POST /employee/_bulk
{"index": {"_id": 1}}
{"id": 1, "name": "Bob", "job": "java", "age": 21, "sal": 8000, "gender": "female"}
{"index": {"_id": 2}}
{"id": 2, "name": "Rod", "job": "html", "age": 31, "sal": 18000, "gender": "female"}
{"index": {"_id": 3}}
{"id": 3, "name": "Gaving", "job": "java", "age": 24, "sal": 12000, "gender": "male"}
{"index": {"_id": 4}}
{"id": 4, "name": "King", "job": "dba", "age": 26, "sal": 15000, "gender": "female"}
{"index": {"_id": 5}}
{"id": 5, "name": "Jonhson", "job": "dba", "age": 29, "sal": 16000, "gender": "male"}
{"index": {"_id": 6}}
{"id": 6, "name": "Douge", "job": "java", "age": 41, "sal": 20000, "gender": "female"}
{"index": {"_id": 7}}
{"id": 7, "name": "cutting", "job": "dba", "age": 27, "sal": 7000, "gender": "male"}
{"index": {"_id": 8}}
{"id": 8, "name": "Bona", "job": "html", "age": 22, "sal": 14000, "gender": "female"}
{"index": {"_id": 9}}
{"id": 9, "name": "Shyon", "job": "dba", "age": 20, "sal": 19000, "gender": "female"}
{"index": {"_id": 10}}
{"id": 10, "name": "James", "job": "html", "age": 18, "sal": 22000, "gender": "male"}
{"index": {"_id": 11}}
{"id": 11, "name": "Golsling", "job": "java", "age": 32, "sal": 23000, "gender": "female"}
{"index": {"_id": 12}}
{"id": 12, "name": "Lily", "job": "java", "age": 24, "sal": 2000, "gender": "male"}
{"index": {"_id": 13}}
{"id": 13, "name": "Jack", "job": "html", "age": 23, "sal": 3000, "gender": "female"}
{"index": {"_id": 14}}
{"id": 14, "name": "Rose", "job": "java", "age": 36, "sal": 6000, "gender": "female"}
{"index": {"_id": 15}}
{"id": 15, "name": "Will", "job": "dba", "age": 38, "sal": 4500, "gender": "male"}
{"index": {"_id": 16}}
{"id": 16, "name": "smith", "job": "java", "age": 32, "sal": 23000, "gender": "male"}
求和查询 - sum

查询 - 员工的工作总和

GET /employee/_search
{
  "size": 0, 
  "aggs": {
    "sum_sal": {
      "sum": {
        "field": "sal"
      }
    }
  }
}

aggs:aggregations(聚合)这个字段是固定值,就和query一样,表示这是一个聚合查询

sum_sal:这个字段是我们自己起的名字,用来表示我们这个聚合查询后的值的名称

sum:固定值,可以理解为函数,es内置了很多函数

size:设置为0是因为聚合查询会附带查询出文档数据,而聚合查询的结果在最下面,方便我们看结果,所以设置0,不显示文档

查询结果:

在最下面 aggregations 中,就是我们查询的结果,sum_sal = 212500

平均值查询 - avg

查询 - 员工的平均工资

GET /employee/_search
{
  "size": 0, 
  "aggs": {
    "avg_sal": {
      "avg": {
        "field": "sal"
      }
    }
  }
}

avg:和mysql的聚合函数相同,取平均值

查询过于简单,结果不再贴图。。

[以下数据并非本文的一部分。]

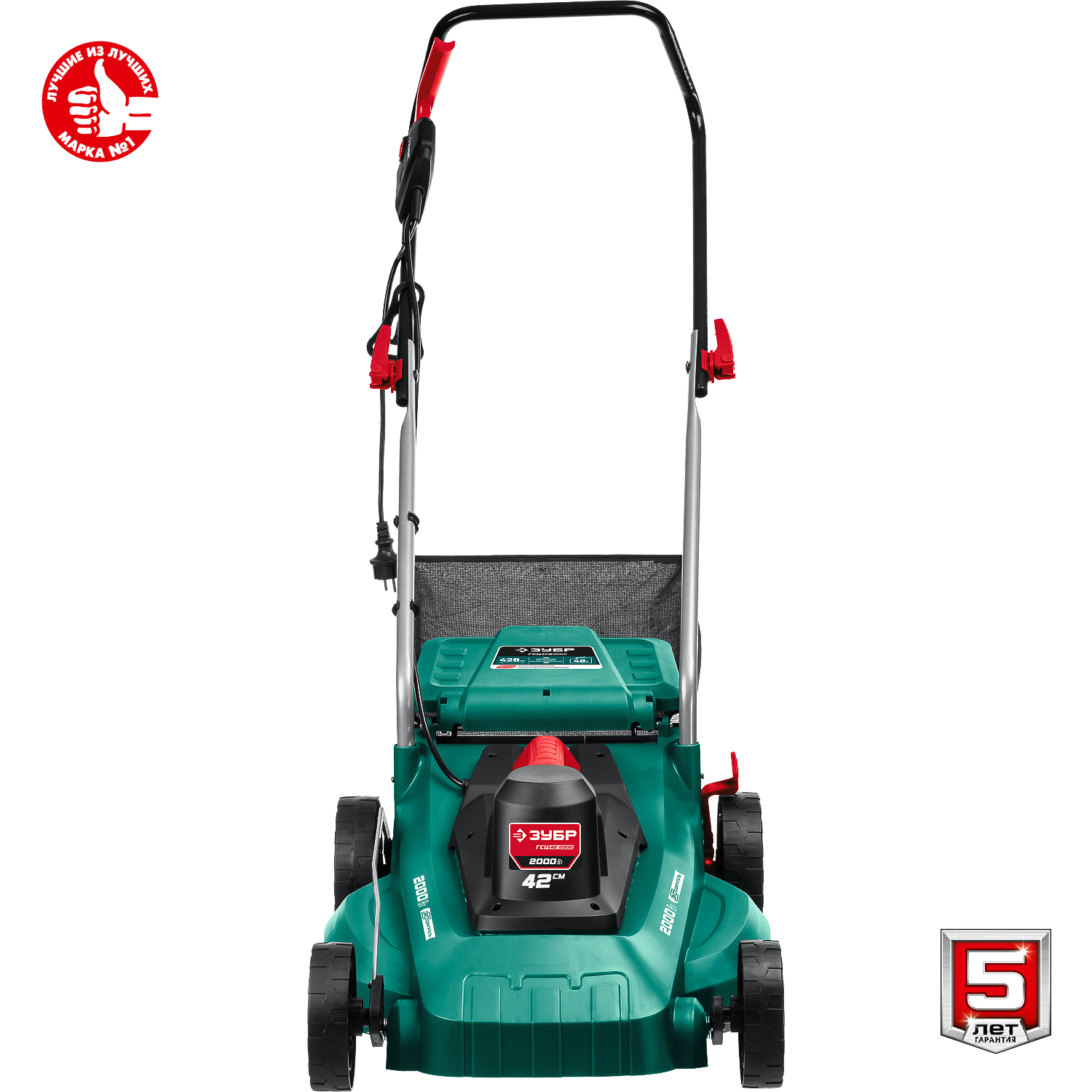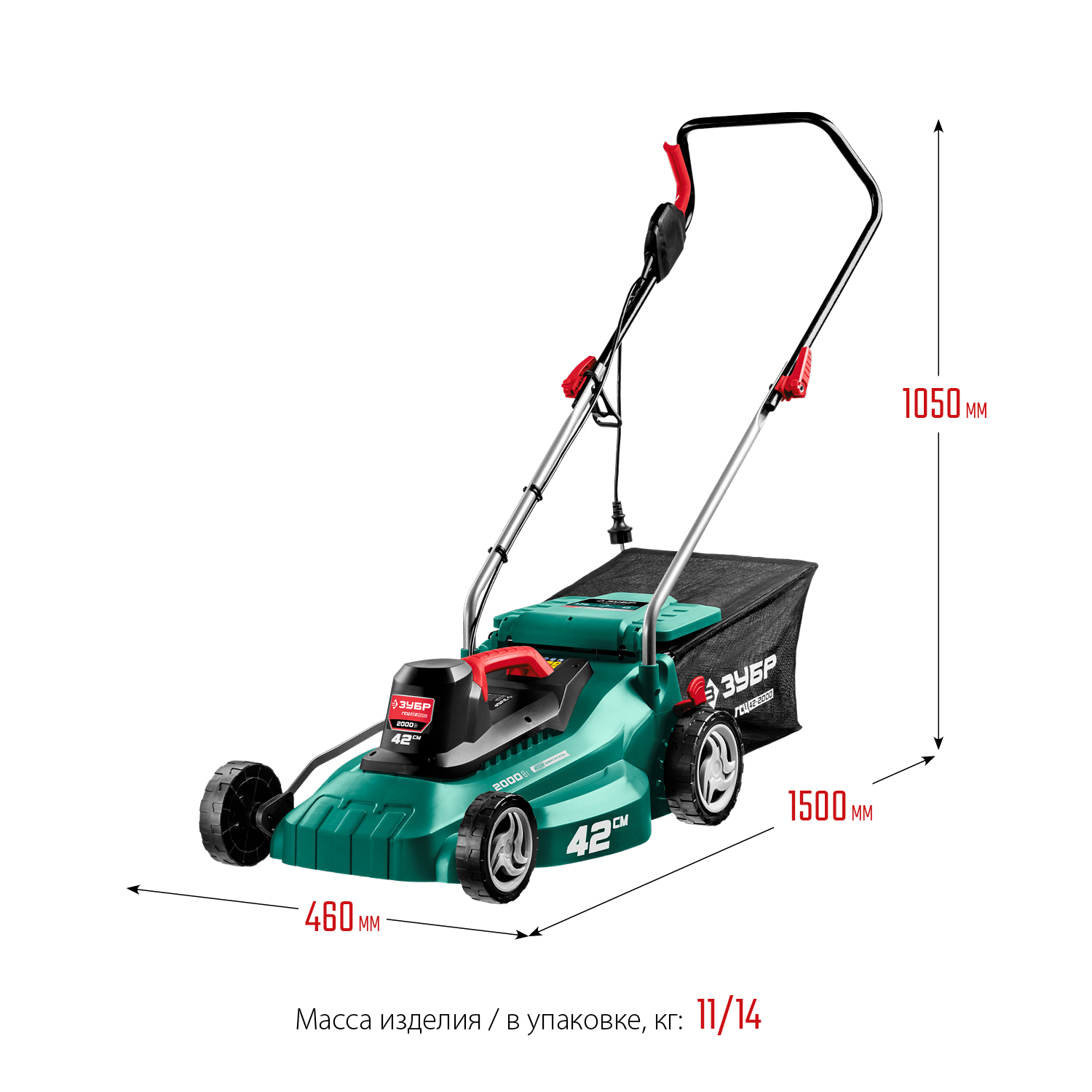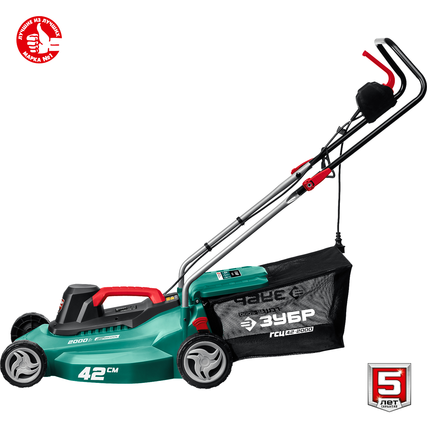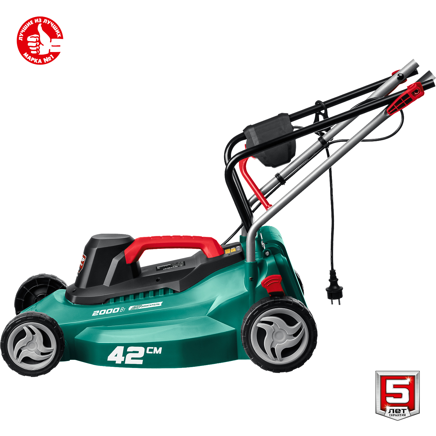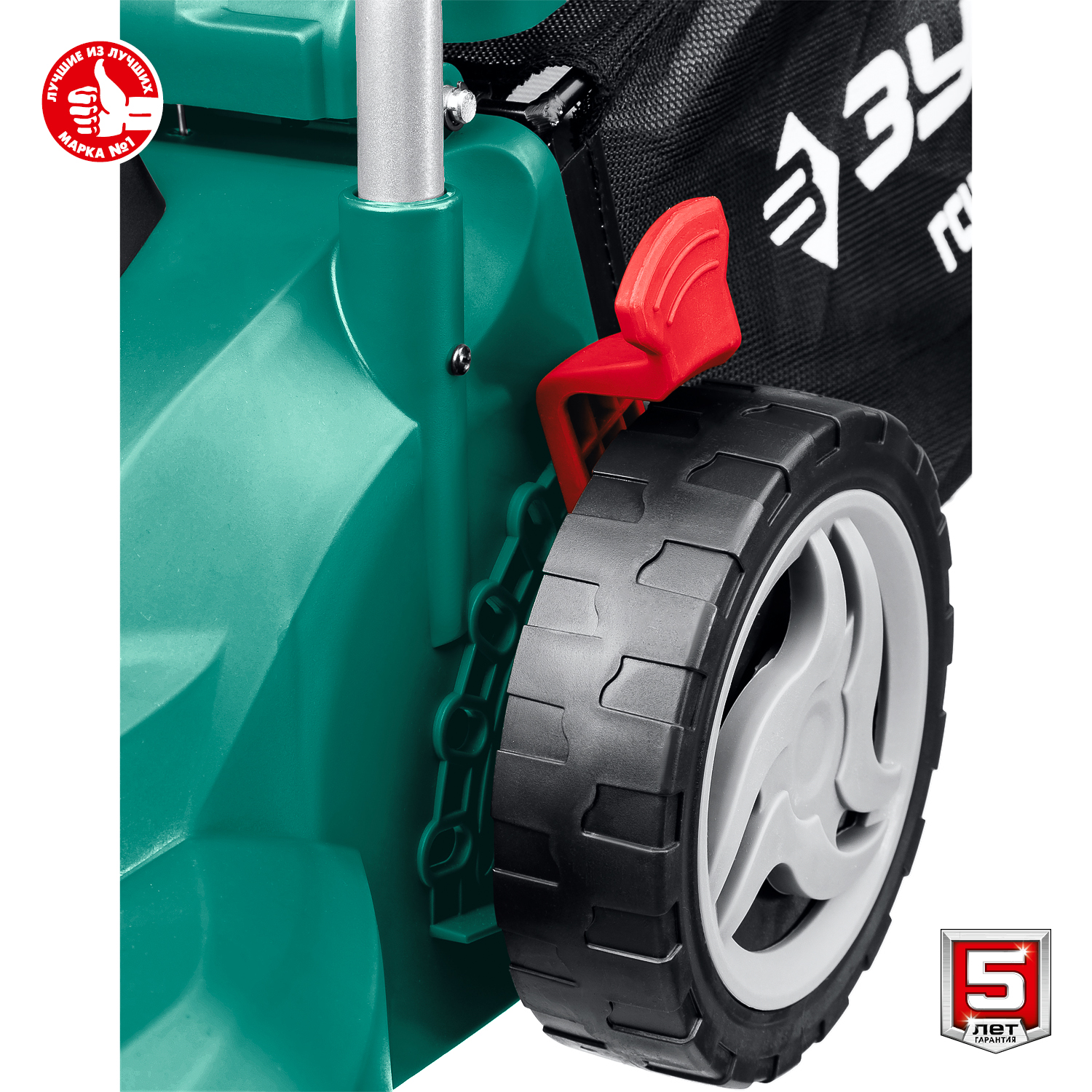 - Облегченные колеса и эргономичная рукоятка облегчают перемещение косилки по газону

。

去重统计 - cardinality

查询 - 一共有多少岗位

GET /employee/_search
{
  "size": 0, 
  "aggs": {
    "cardi_job": {
      "cardinality": {
        "field": "job"
      }
    }
  }
}

cardinality:去重再求和,相当于mysql的 count(distinct)

多条件聚合查询

查询 - kibana提供的样板航班数据中,各个航班的平均机票最大值,最小值,平均值

GET /kibana_sample_data_flights/_search
{
  "size": 0, 
  "aggs": {
    "max_ticket_price": {
      "max": {
        "field": "AvgTicketPrice"
      }
    },
    "min_ticket_price": {
      "min": {
        "field": "AvgTicketPrice"
      }
    },
    "avg_ticket_price": {
      "avg": {
        "field": "AvgTicketPrice"
      }
    }
  }
}

在kibana中可以添加官方给出的三个索引,分别是电商、日志、航班

ps:索引为什么有的是green有的是yellow?http://www.jwsblog.com/archives/59.html

简单统计聚合工具方法 - stats

一个方法,一次性查询出总和、平均、最大、最小

GET /employee/_search
{
  "size": 0, 
  "aggs": {
    "sal_info": {
      "stats": {
        "field": "sal"
      }
    }
  }
}

查询结果:

注意:stats 只能处理数值类型的字段,非数值类型的字段不能使用stats

分组统计集合工具方法 - terms

查询:航班到达国家数量统计(分组统计)相当于mysql的 count(group by)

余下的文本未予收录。